EPO application No.81-33,212 (Chemical Abstracts 96:51, 800a) discloses a similar process using rhodium in combination with one or more of a long list of metals which includes molybdenum.
All of the aforementioned references are hereby incorporated by reference.
U.S. application Ser. No. 474,674, filed Mar. 18, 1984, which is hereby incorporated by reference, discloses a process for producing alcohols from synthesis gas using molybdenum and tungsten catalysts. In this application it is noted that these catalysts are tolerant to hydrogen sulfide in the hydrogen/carbon monoxide feed.
U.S. application Ser. No. 622,029, filed June 18, 1984, which is hereby incorporated by reference is a continuation-in-part of U.S. Ser. No. 476,674. In it are disclosed the catalysts in the process of this invention.

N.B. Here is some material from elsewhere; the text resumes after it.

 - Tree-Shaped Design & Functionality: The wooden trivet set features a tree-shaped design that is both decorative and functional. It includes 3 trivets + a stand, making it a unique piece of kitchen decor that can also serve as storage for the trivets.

To make a commercially significant alcohol process, one must use a catalyst and conditions which are highly efficient. To be efficient the catalyst must yield a high weight ratio of product per unit weight of catalyst in a given period of time. The catalyst must be stable and active for long periods of time between regenerations. This may be particularly difficult to accomplish when the H.sub.2ratio of the feed gas is low, such as less than 2 to 1. Ideally the catalyst will be sulfur tolerant and will have a high selectivity to a commercial product to avoid purification or removal and disposal of by-products and to avoid separation into two or more product streams.

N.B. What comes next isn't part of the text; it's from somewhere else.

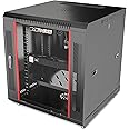 12U Wall Mount Server Rack Cabinet, 19” Locking Network Rack, 24” Deep, Glass Door, with Fan, PDU and Shelf

When the mixed alcohols product is to be used as a fuel replacement or a fuel additive it may be desirable that the ratio of C.sub.1 to C.sub.2 + alcohols be no greater than a certain amount. As used in this Application the ratio of C.sub.1 to C.sub.2 + alcohols means the molar ratio of methanol to C.sub.2 to C.sub.5 alcohols such as ethanol, propanols, butanols and pentanols, taken as a whole. The term, alcohols, generally does not include alcohols present as esters or aldehydes. For example, the methanol portion of methyl acetate is not counted as methanol.
Excessive methanol is generally considered an unattractive additive to gasolines. Methanol may decrease drivability and may increase corrosion in the fuel system and may cause phase separation when used in excessive quantities. These problems may be alleviated by blending methanol with higher alcohols.

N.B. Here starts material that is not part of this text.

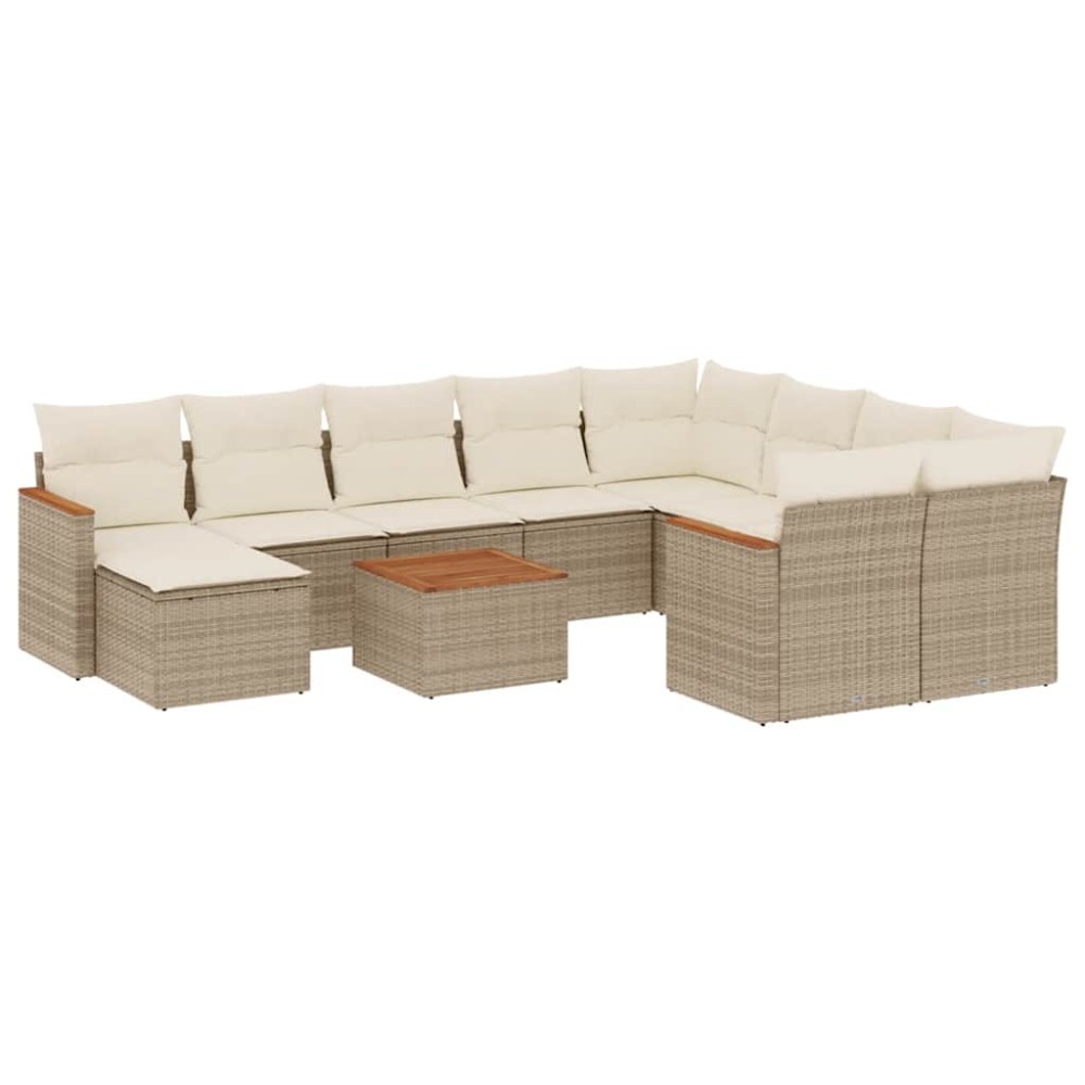 Set canapele de gradina cu perne, 11 piese, bej, poliratan

Accordingly one may wish to synthesize mixed alcohols with no more than a certain amount of methanol in the blend. Or in a similar fashion one may wish to minimize the ratio of C.sub.1 to C.sub.2 + alcohols in mixed alcohols so that methanol may be purchased and blended into the mixed alcohols to give the maximum acceptable C.sub.1 to C.sub.2 + alcohols ratio.
Up until now, a method of varying the ratio of C.sub.1 to C.sub.2 + alcohols short of changing catalysts or distilling the product stream has not been known. Since distillation adds an additional process step, it is desirable to be able to vary the C.sub.1 to C.sub.2 + alcohols ratio that is produced in the reaction to form the alcohols.